→ Source data
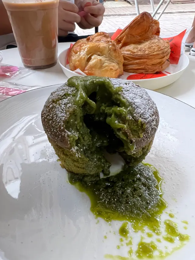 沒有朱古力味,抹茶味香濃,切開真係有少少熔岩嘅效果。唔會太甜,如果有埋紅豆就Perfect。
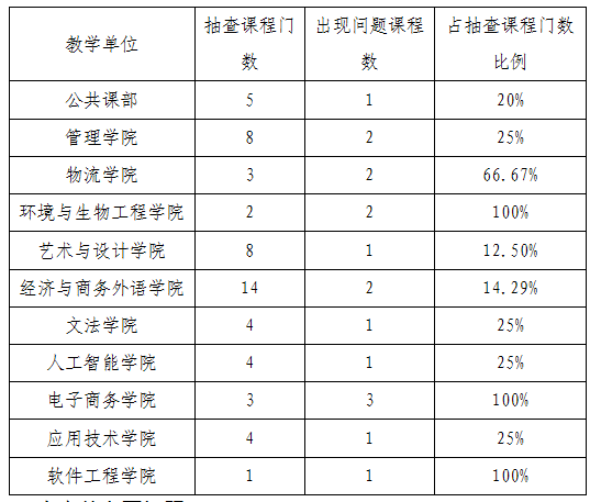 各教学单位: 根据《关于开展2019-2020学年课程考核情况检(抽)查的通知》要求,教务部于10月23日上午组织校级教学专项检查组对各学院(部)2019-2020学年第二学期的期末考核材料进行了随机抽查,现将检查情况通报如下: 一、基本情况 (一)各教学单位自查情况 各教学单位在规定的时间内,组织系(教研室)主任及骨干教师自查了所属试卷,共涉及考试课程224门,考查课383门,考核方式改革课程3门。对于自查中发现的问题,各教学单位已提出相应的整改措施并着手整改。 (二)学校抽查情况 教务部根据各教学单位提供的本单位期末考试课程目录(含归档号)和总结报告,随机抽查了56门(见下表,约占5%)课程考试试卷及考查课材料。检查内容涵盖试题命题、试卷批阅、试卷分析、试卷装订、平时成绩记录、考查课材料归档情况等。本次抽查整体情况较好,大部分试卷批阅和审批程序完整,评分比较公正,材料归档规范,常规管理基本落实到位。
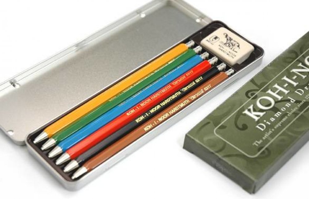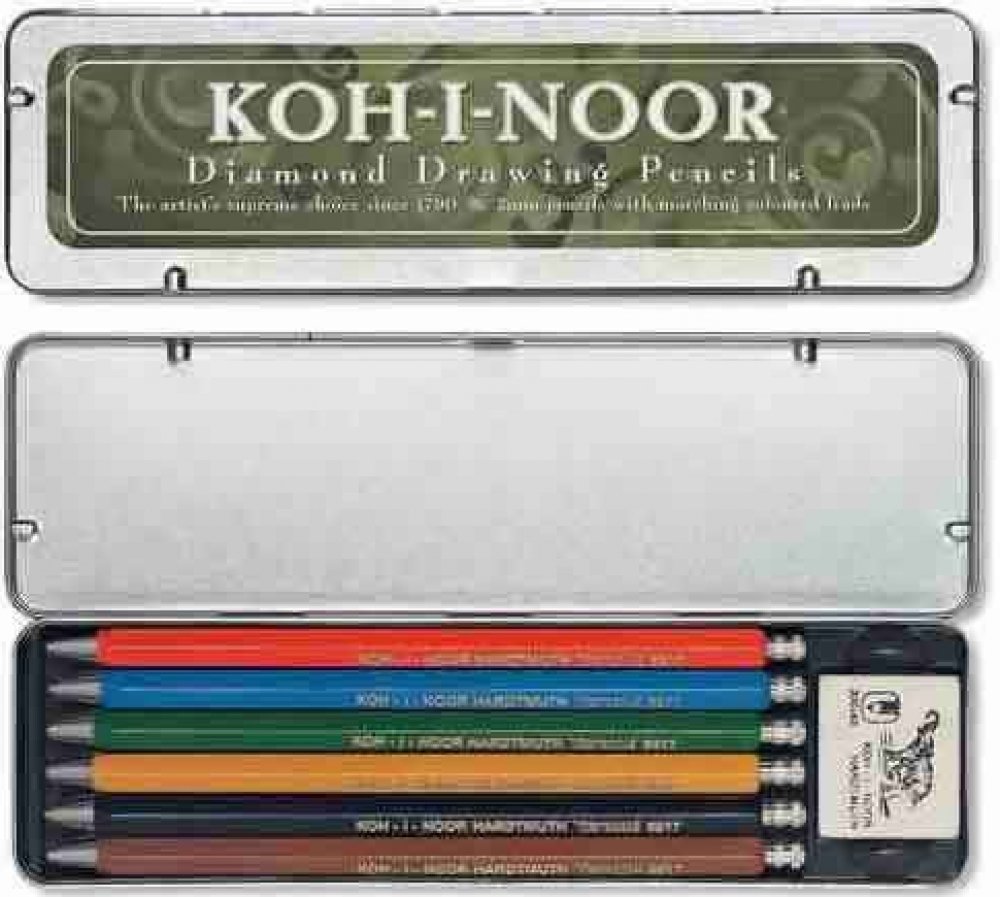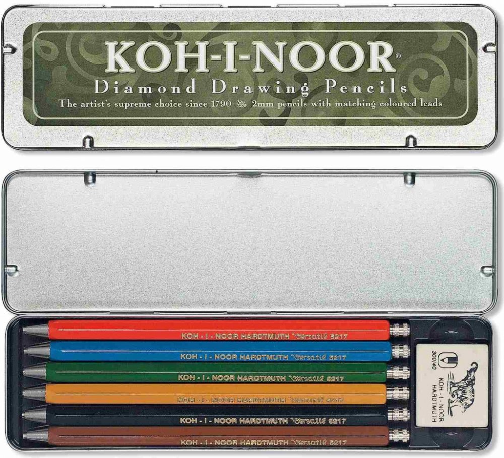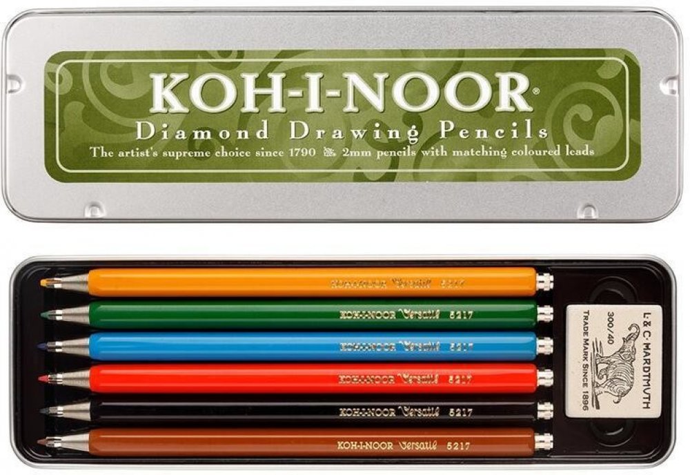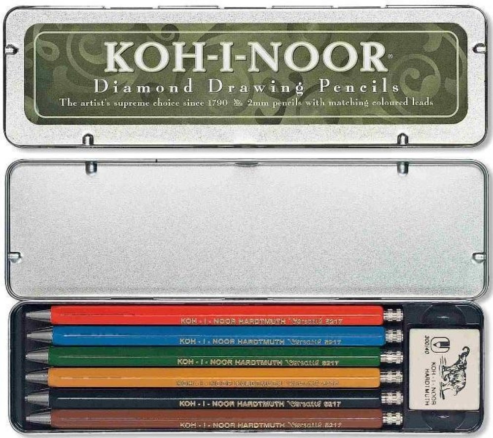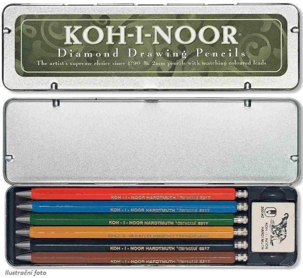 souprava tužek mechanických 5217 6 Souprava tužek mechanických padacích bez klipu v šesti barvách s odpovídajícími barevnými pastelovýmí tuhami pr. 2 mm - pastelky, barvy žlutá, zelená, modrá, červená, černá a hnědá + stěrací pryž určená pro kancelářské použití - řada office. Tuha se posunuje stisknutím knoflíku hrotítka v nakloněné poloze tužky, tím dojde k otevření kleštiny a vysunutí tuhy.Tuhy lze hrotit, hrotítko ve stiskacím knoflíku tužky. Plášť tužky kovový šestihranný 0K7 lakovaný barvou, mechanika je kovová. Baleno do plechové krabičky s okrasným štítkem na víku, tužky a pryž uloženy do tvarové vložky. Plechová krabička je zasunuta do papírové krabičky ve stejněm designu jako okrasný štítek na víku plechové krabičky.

→ What needs to be done
Except for the pictures, return every line of the material exactly.

→ Solution for this exercise
 沒有朱古力味,抹茶味香濃,切開真係有少少熔岩嘅效果。唔會太甜,如果有埋紅豆就Perfect。
 各教学单位: 根据《关于开展2019-2020学年课程考核情况检(抽)查的通知》要求,教务部于10月23日上午组织校级教学专项检查组对各学院(部)2019-2020学年第二学期的期末考核材料进行了随机抽查,现将检查情况通报如下: 一、基本情况 (一)各教学单位自查情况 各教学单位在规定的时间内,组织系(教研室)主任及骨干教师自查了所属试卷,共涉及考试课程224门,考查课383门,考核方式改革课程3门。对于自查中发现的问题,各教学单位已提出相应的整改措施并着手整改。 (二)学校抽查情况 教务部根据各教学单位提供的本单位期末考试课程目录(含归档号)和总结报告,随机抽查了56门(见下表,约占5%)课程考试试卷及考查课材料。检查内容涵盖试题命题、试卷批阅、试卷分析、试卷装订、平时成绩记录、考查课材料归档情况等。本次抽查整体情况较好,大部分试卷批阅和审批程序完整,评分比较公正,材料归档规范,常规管理基本落实到位。
 souprava tužek mechanických 5217 6 Souprava tužek mechanických padacích bez klipu v šesti barvách s odpovídajícími barevnými pastelovýmí tuhami pr. 2 mm - pastelky, barvy žlutá, zelená, modrá, červená, černá a hnědá + stěrací pryž určená pro kancelářské použití - řada office. Tuha se posunuje stisknutím knoflíku hrotítka v nakloněné poloze tužky, tím dojde k otevření kleštiny a vysunutí tuhy.Tuhy lze hrotit, hrotítko ve stiskacím knoflíku tužky. Plášť tužky kovový šestihranný 0K7 lakovaný barvou, mechanika je kovová. Baleno do plechové krabičky s okrasným štítkem na víku, tužky a pryž uloženy do tvarové vložky. Plechová krabička je zasunuta do papírové krabičky ve stejněm designu jako okrasný štítek na víku plechové krabičky.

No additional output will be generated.